### What the task asks
Repeat what the lines below say, word for word, and skip every image.

### Collected material

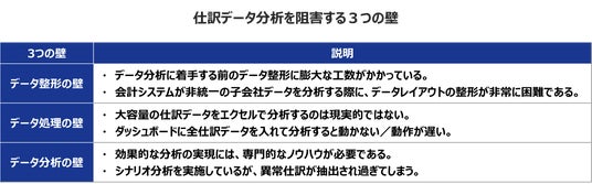 既に仕訳データ分析に取り組んでいる先進企業においても、主に以下の「3つの壁」が障壁となり、グループ子会社分析の効果や効率性に課題を抱えているという声が多く聞かれます。
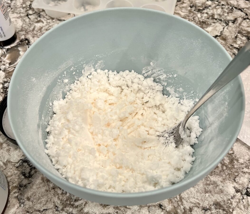 Using a fork, I combined everything together until I was able to pack it in my hand like a snowball. Carrier oil was added in small increments until the right consistency was achieved.
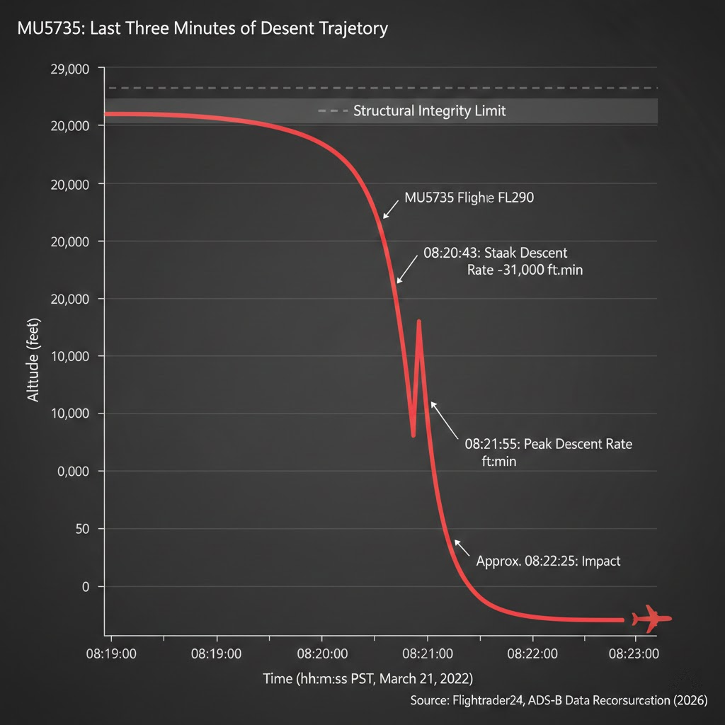 巡航高度的突变: 飞机在29,100英尺高度平稳飞行时,突然开始俯冲。专业飞行员指出,若非飞行控制系统遭遇极端故障(如水平安定面失控),飞机绝不会展现出如此完美的“垂直弹道”。

### Result for this exercise
 既に仕訳データ分析に取り組んでいる先進企業においても、主に以下の「3つの壁」が障壁となり、グループ子会社分析の効果や効率性に課題を抱えているという声が多く聞かれます。
 Using a fork, I combined everything together until I was able to pack it in my hand like a snowball. Carrier oil was added in small increments until the right consistency was achieved.
 巡航高度的突变: 飞机在29,100英尺高度平稳飞行时,突然开始俯冲。专业飞行员指出,若非飞行控制系统遭遇极端故障(如水平安定面失控),飞机绝不会展现出如此完美的“垂直弹道”。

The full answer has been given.